**TASK INPUTS**.
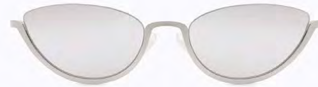
CL3287 SG 02

Frame Color: Shiny Black Lens Color: Silver mirror-smoke Frame Material: Metal Handle Length: 135 Lens Width: 57 Nose Bridge: 20
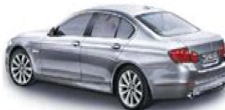
Fig. 1: Identifying BMW 5 Series Saloon Courtesy of BMW OF NORTH AMERICA, INC.

The F10 5 Series was introduced in to the US market in March of 2009. The vehicle is available in 528i, 535i and 550i models.
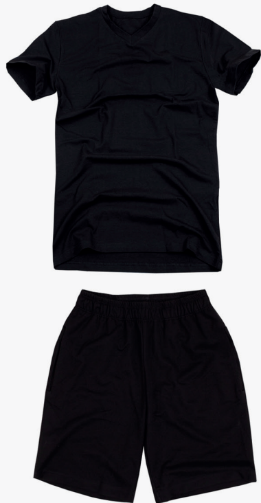
Sports clothing and shoes
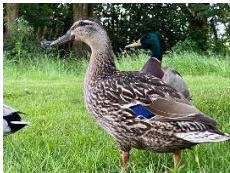
Female Mallard Duck
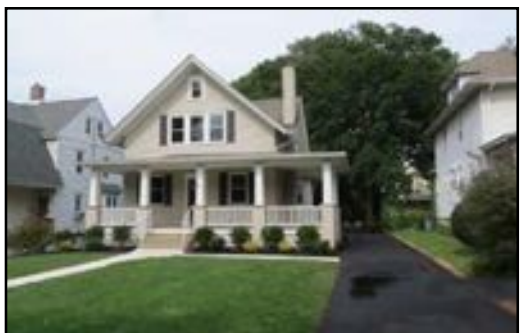
213 10th Avenue Haddon Heights $369,900
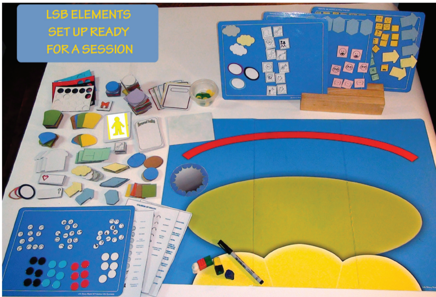
Figure 3 Revised Life Story Board kit (post-pilot study)

The study provided valuable information on how to improve the tool itself, the process of its use, and the training of users. Based on participants' feedback on the prototype, there has been considerable revision of the LSB kit: the LSB board was reduced in size by 60% and the cards magnetized, with "palettes" for easier display and handling (Figure 3). The training workshop and instructional resources better consider the learning curve to become familiar with the LSB system before clinical use.
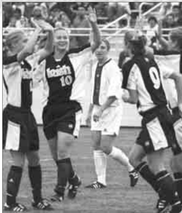
Notre Dame's top-ranked team scored first in 22 of 25 games during the 2000 season while trailing for a total of just 35 minutes.

Aug. 29 - Notre Dame opens the season minus six injured players but responds with its second-highest scoring game of the Randy
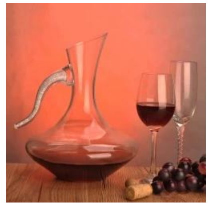
Hand quality handblown wine decanter

**WHAT YOU ARE ASKED TO DO**. Look above for the line containing "Fig. 1: Identifying" and the line containing "213 10th Avenue Haddon Heights $369,900", then reproduce both and everything between them exactly, pictures omitted.

**RESULT**.
Fig. 1: Identifying BMW 5 Series Saloon Courtesy of BMW OF NORTH AMERICA, INC.

The F10 5 Series was introduced in to the US market in March of 2009. The vehicle is available in 528i, 535i and 550i models.
Sports clothing and shoes
Female Mallard Duck
213 10th Avenue Haddon Heights $369,900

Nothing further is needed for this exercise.